### Data below
Start of Block
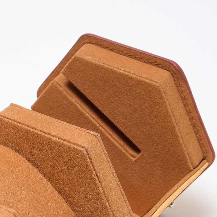 内装には、柔らか く上質な韓国製スエードを採用。時計を傷から守りながら、ケース全体に上質で落ち着いた印象を与えます。
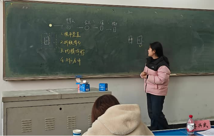 本次比赛创新采用“线上+线下”融合考评模式,线下、线上成绩各占50%,全面检验选手书写功底与教学实践能力。2025年12月11日,在2号楼2313举办的线下赛场,聚焦粉笔字展示,选手需在5分钟微课中完成板书设计与书写。比赛现场,选手们以教学内容为依托,将书写技能与教学表达深度融合,充分展现扎实的板书功底。
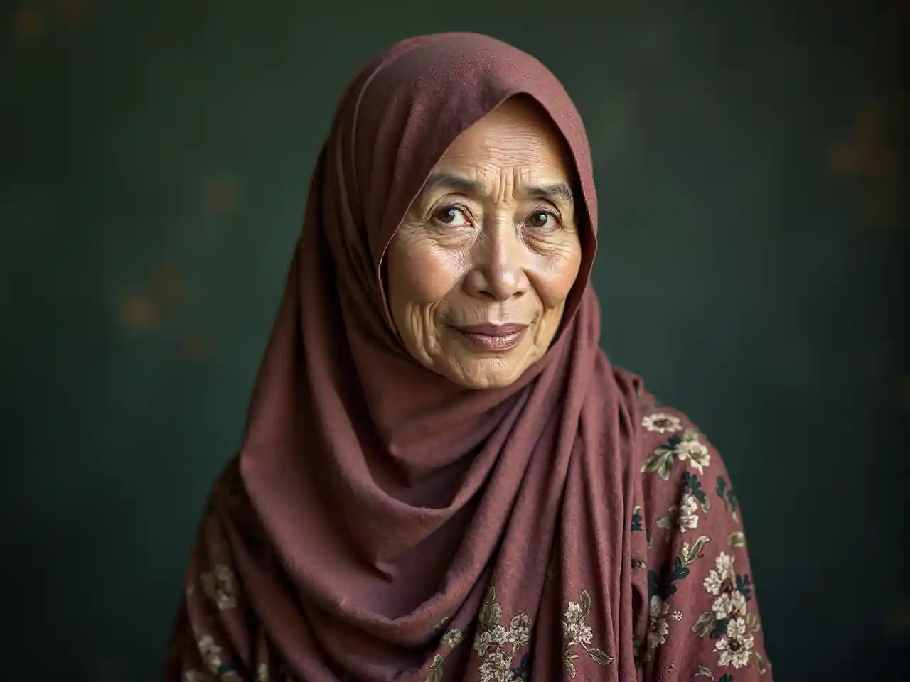 Riley30 jaar oude Indonesische vrouw, met gamis en hijab, van hoofd tot teen
End of Block
### Aim of the task
For the data above, return an exact copy that contains no pictures.

### Written answer
 内装には、柔らか く上質な韓国製スエードを採用。時計を傷から守りながら、ケース全体に上質で落ち着いた印象を与えます。
 本次比赛创新采用“线上+线下”融合考评模式,线下、线上成绩各占50%,全面检验选手书写功底与教学实践能力。2025年12月11日,在2号楼2313举办的线下赛场,聚焦粉笔字展示,选手需在5分钟微课中完成板书设计与书写。比赛现场,选手们以教学内容为依托,将书写技能与教学表达深度融合,充分展现扎实的板书功底。
 Riley30 jaar oude Indonesische vrouw, met gamis en hijab, van hoofd tot teen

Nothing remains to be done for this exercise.